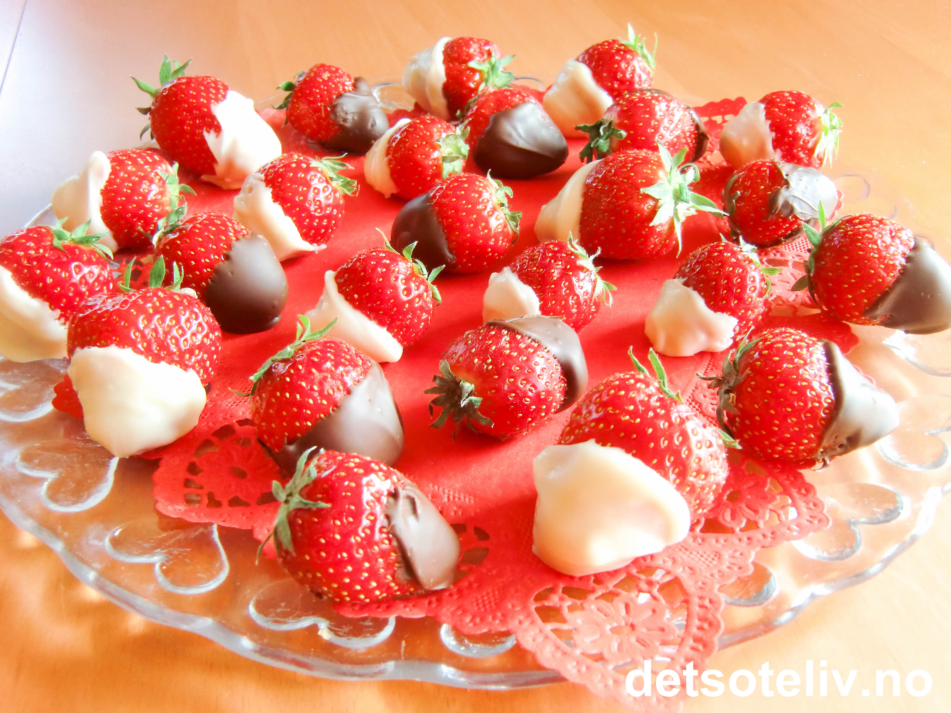 Dypp jordbærene i smeltet sjokolade og legg dem på et brett som er dekket med bakepapir. Sett brettet i kjøleskapet til sjokoladen har stivnet.
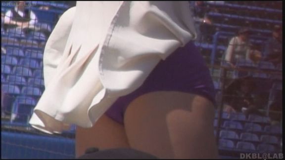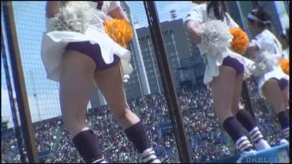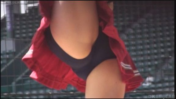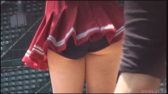 比較的短いスカートからおしり下が丸見えのシーンあり。23分ころにはいったんスタンドを離れた静かなところでの練習シーン。ユニフォームのままかがんで荷物の整理。無防備なおしり周りが丸見え。
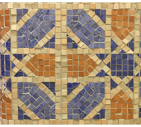 Ornate mosaic borders made with small square ceramic pieces of different colors complement any tile floor
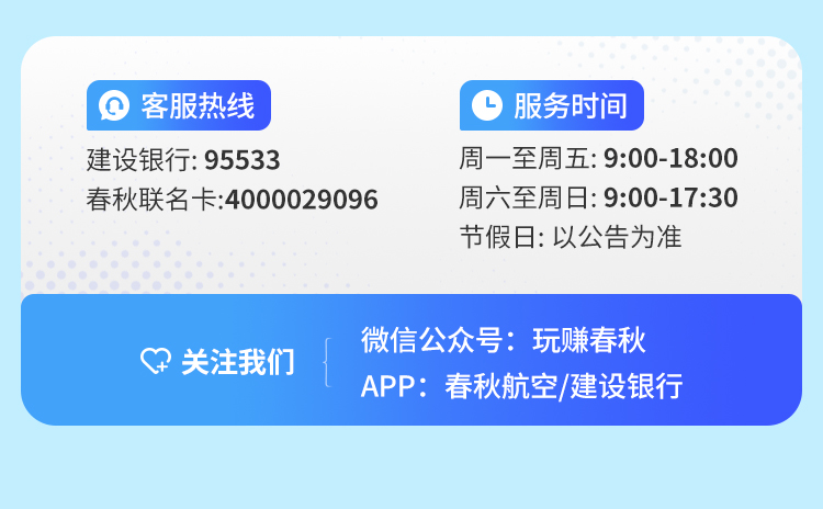 1、客服联系方式:客服热线400-002-9096,或微信号“玩赚春秋”在线客服(服务时间:周一至周日9:00至17:30)

####################

Brief: All of the lines above should be retyped precisely, apart from the pictures.

Response area:
 Dypp jordbærene i smeltet sjokolade og legg dem på et brett som er dekket med bakepapir. Sett brettet i kjøleskapet til sjokoladen har stivnet.
 比較的短いスカートからおしり下が丸見えのシーンあり。23分ころにはいったんスタンドを離れた静かなところでの練習シーン。ユニフォームのままかがんで荷物の整理。無防備なおしり周りが丸見え。
 Ornate mosaic borders made with small square ceramic pieces of different colors complement any tile floor
 1、客服联系方式:客服热线400-002-9096,或微信号“玩赚春秋”在线客服(服务时间:周一至周日9:00至17:30)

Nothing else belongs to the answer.